Todos los años, por estas fechas, repetimos la misma idea. Las vacaciones, especialmente si se viaja, son una magnífica oportunidad para descubrir otras cocinas, en muchos casos ajenas a nuestra cultura gastronómica.
Y no hace falta coger un avión para descubrir platos y alimentos que aquí serían exóticos, pero que no muy lejos son habituales. Desde la coquinaria del pato en el sur de Francia −intente comprar pato fresco en Zaragoza y verá− hasta los grelos gallegos o esos raros pescados que comen en las Canarias, sin olvidar los cientos sopas frías que proliferan por Andalucía.

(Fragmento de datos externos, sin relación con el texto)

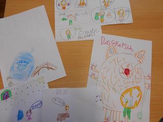 Los ging es mit dem Buch „Ungeheuergeschichten“. Alle Kinder haben gespannt zugehört und konnten alle Fragen rund um das Thema beantworten. Am nächsten Tag haben alle Kinder die Aufgabe bekommen, ein Bild über die verschiedenen Ungeheuer zu gestalten. Zum Beispiel wie sieht das Grabsch, das Nörgel, das Püftz in ihren Vorstellungen aus. Sie waren mit ganz viel Spaß und Freude dabei und haben gezeigt, wie wichtig Freundschaften für sie im Alltag sind.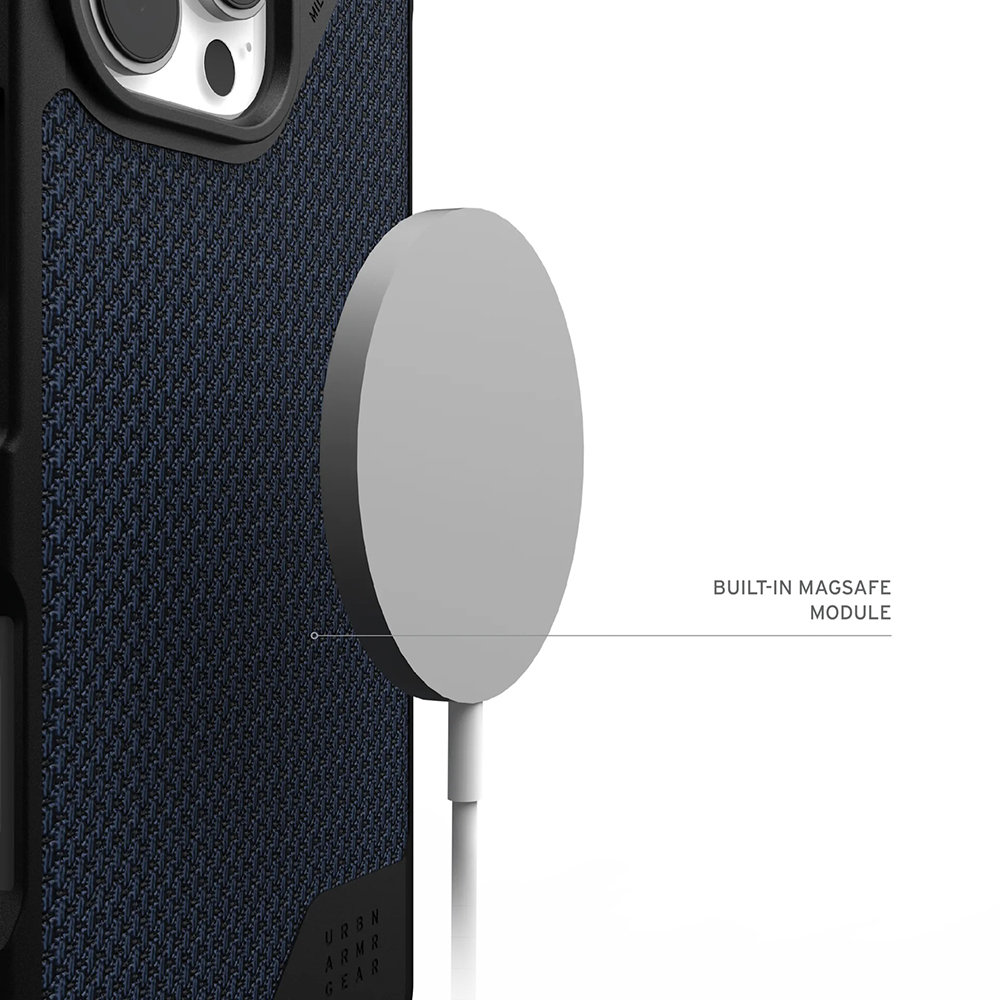Kryt Metropolis LT Magsafe je navržen tak, aby váš telefon obstál i v extrémních podmínkách. Jeho konstrukce splňuje a často i výrazně překračuje přísné vojenské normy odolnosti proti pádu (MIL-STD 810G 516.6). Základem je kombinace tvrdé vnější skořepiny a měkkého, nárazy pohlcujícího jádra, které efektivně rozptyluje energii nárazu. Zadní strana krytu je opatřena prémiovou vložkou z DuPont™ Kevlar® vláken v elegantní tmavě modré barvě, která dodává nejen sofistikovaný vzhled, ale i zvýšenou odolnost. Vnitřní strana krytu disponuje šestihranným vzorem pro zvýšenou absorpci nárazů.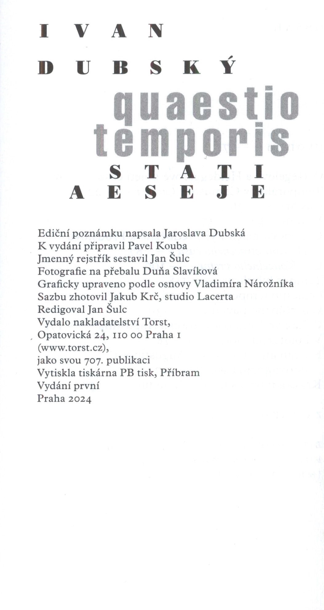 Názvové údaje Quaestio temporis : stati a eseje / Ivan Dubský ; k vydání připravil Pavel Kouba ; ediční poznámku napsala Jaroslava Dubská ; fotografie na přebalu Duňa Slavíková ; graficky upraveno podle osnovy Vladimíra Nárožníka Osobní jméno Dubský, Ivan, 1926-2023 (Autor) Další autoři Kouba, Pavel, 1953- (Editor) Dubská, Jaroslava (Jiná role) Slavíková, Duňa, 1949- (Fotograf) Nárožník, Vladimír, 1939-2002 (Knižní grafik) Korp. Nakladatelství Torst (Nakladatel, vydavatel) PBtisk (tiskárna) (Tiskař) Údaje o vydání Vydání první Nakladatel Praha : Torst, 2024 Výrobce Příbram : PB tisk Rozsah 253 stran ; 20 cm ISBN 978-80-7215-721-1 (vázáno) Země vyd. Česko Jazyk dok. čeština Poznámky Zdobená barevná obálka. - Typografická vazba. - Modré předsádky. - Na přední záložce obálky foto autora, na zadní záložce bio-bibliografická poznámka o něm. - Rozložený titulní list. - Úvodem. - Závěrem. - Ediční poznámka (J. Dubská). - Obsah. - Na zadní straně obálky anotace knihy.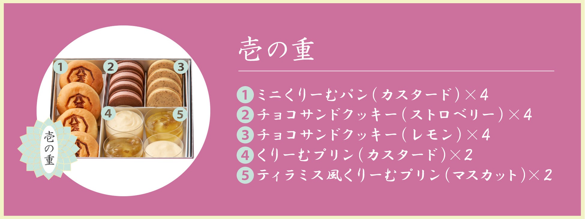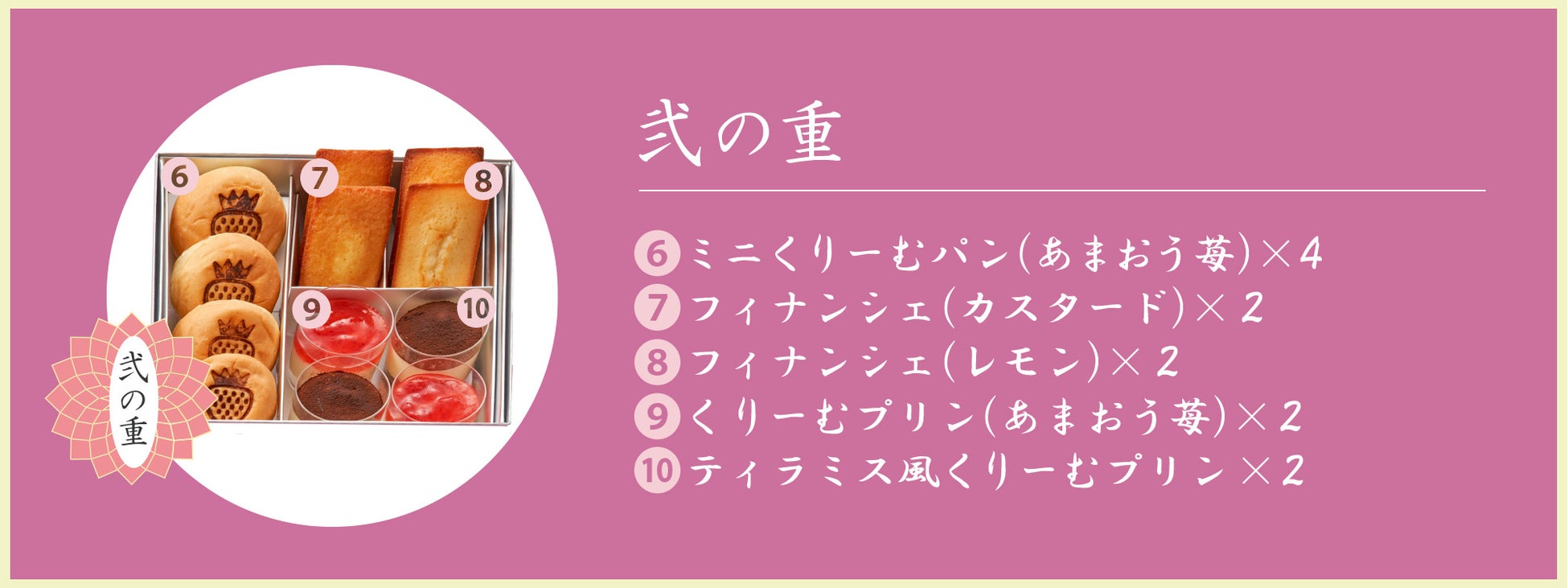 ミニくりーむパン(あまおう苺)×4、フィナンシェ(カスタード)×2、フィナンシェ(レモン)×2、くりーむプリン(あまおう苺)×2、ティラミス風くりーむプリン×2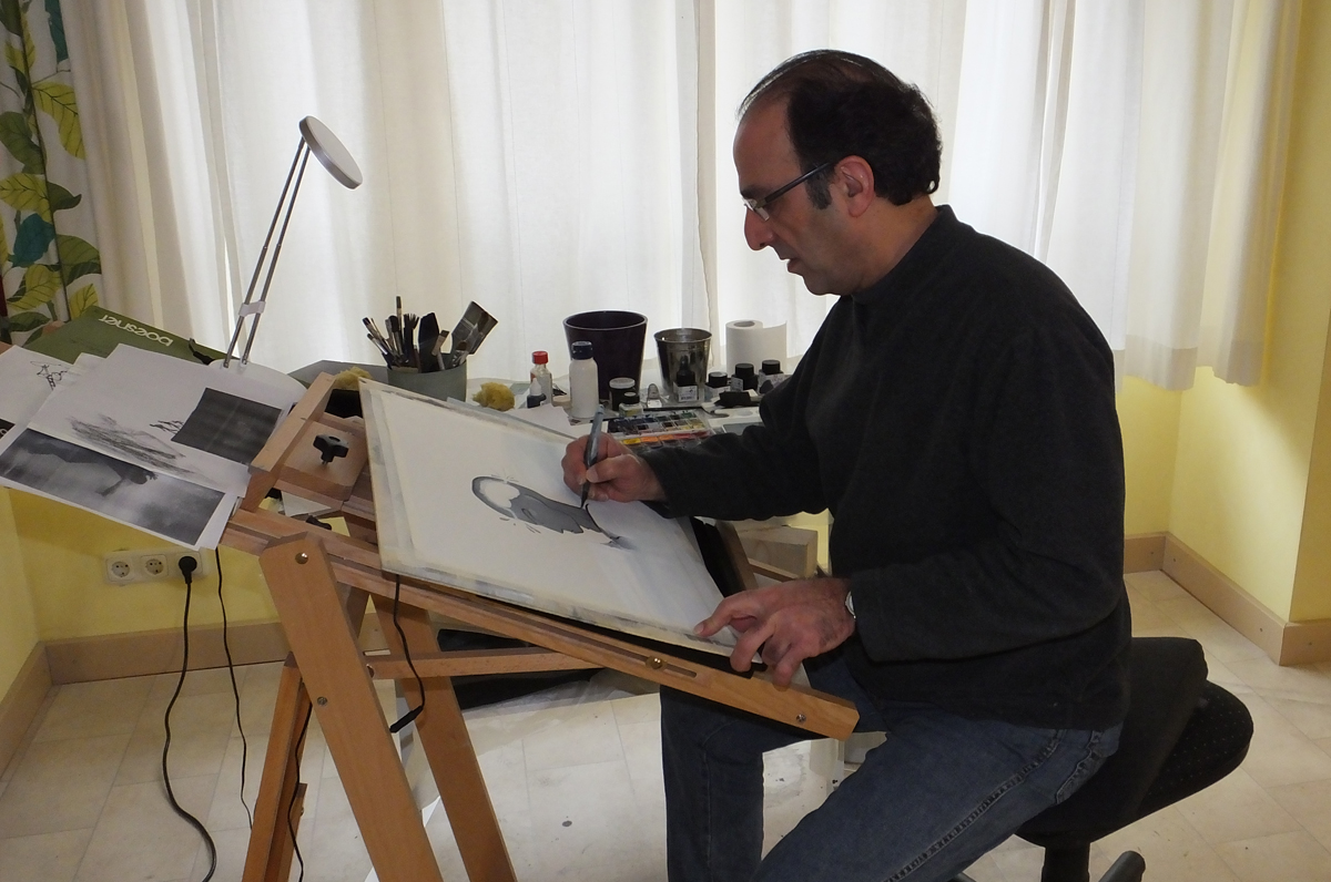 Solche Zeichnungen wird es bei der Karikaturen-Ausstellung im Miltenberger Rathaus, die am 11. Januar eröffnet wird, nicht geben. Trotzdem hat die Ausstellung mit dem Islam zu tun, denn neben den Bildern der in unserer Region bekannten Zeichnern Greser & Lenz und Hauck & Bauer sind auch Werke von Maneis Arbab zu sehen. Der Künstler ist 2009 aus der islamischen Republik Iran geflohen und lebt inzwischen in Würzburg. Mit seinen Bildern verarbeitet er auch die Ereignisse der letzten Jahre. Burkard Vogt will den Künstler vorstellen und hatte ihn dazu diese Woche besucht - wenige Stunden vor dem Bekannt werden des Anschlags in Paris. Seinen Radiobeitrag können Sie unten anhören.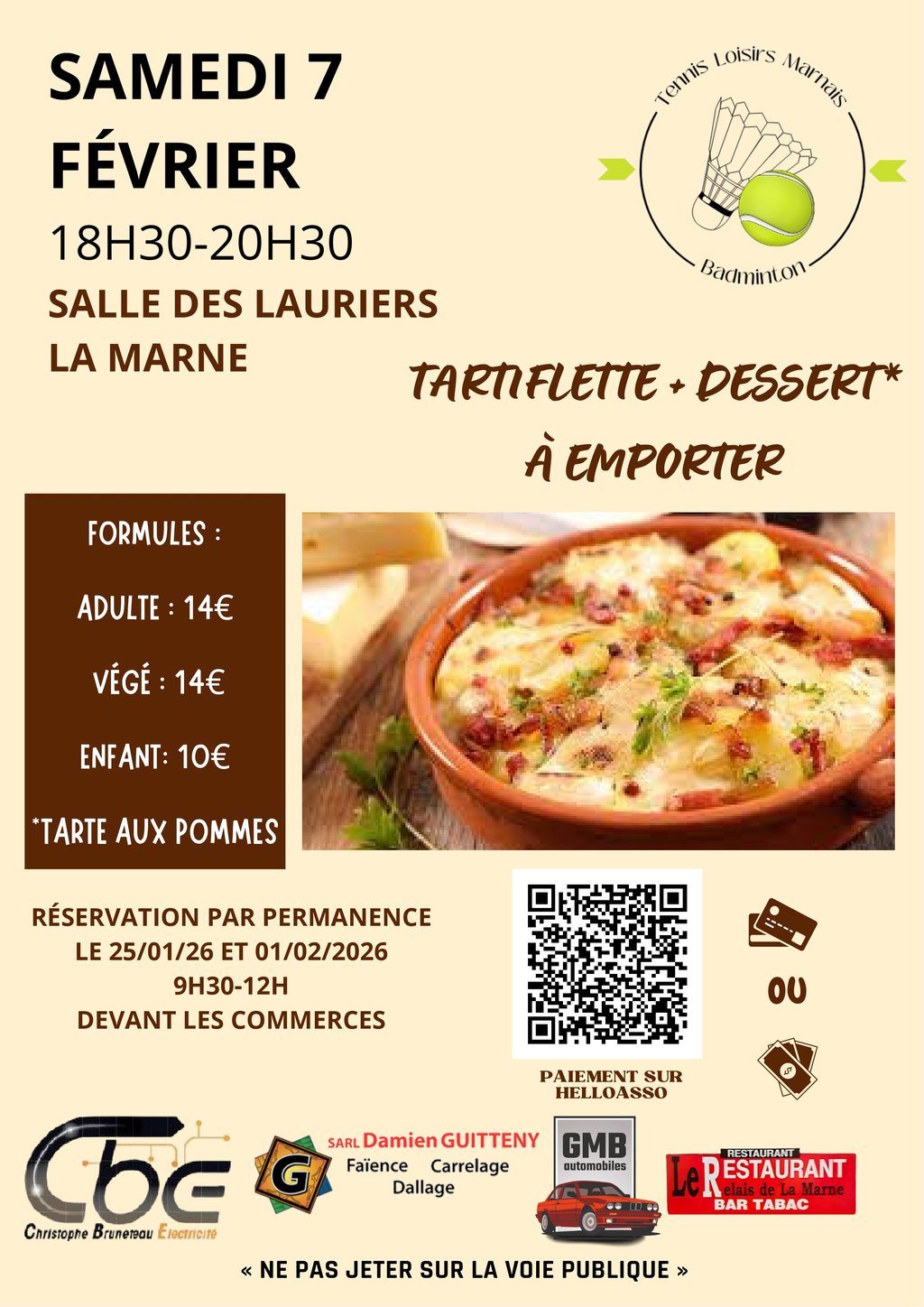Cette année, nous avons le plaisir de vous proposer une tartiflette, réalisée par le Relai de la Marne.

Por más que las franquicias vayan invadiendo los centros turísticos, uniformizando la oferta, siempre queda quien, desde la humildad de una casa de comidas o la sofisticación de un restaurante de los que llamamos gastronómicos, preserva los alimentos de su entorno y los da a conocer a sus comensales. Tan sólo hay que buscarlos −ahora es muy fácil− o preguntar a los que allí viven.
Incluso sin salir de casa, puede uno disfrutar de unas vacaciones gastronómicas. Adentrándose en los barrios, buscando esos locales clásicos a los que les queda poco tiempo de vida, el que falta para la jubilación de sus dueños.
Es sabido que, cuando disfrutamos del ocio, estamos más abiertos a nuevas experiencias. El momento de atreverse con unos caracoles o perder la aversión a las olivas, de probar un plato de caza o esa rara verdura llamada borraja −esto vale para quienes nos visitan−, de disfrutar con una pasta o un arroz en su justo punto, al dente.
Aunque parezca por la amplia oferta de la industria alimentaria que comemos con mucha variedad, la terca realidad impone que consumimos cada vez menos variedades de hortalizas y frutas, que la uniformidad campea en los lineales. Eso sí, con diversidad de envases y colores.
Aproveche el viaje, descubra nuevas sensaciones palatales y no se olvide comprar algún producto local para prolongar el placer de la estancia una vez en casa. No se arrepentirá y contribuirá con las economías locales y de proximidad.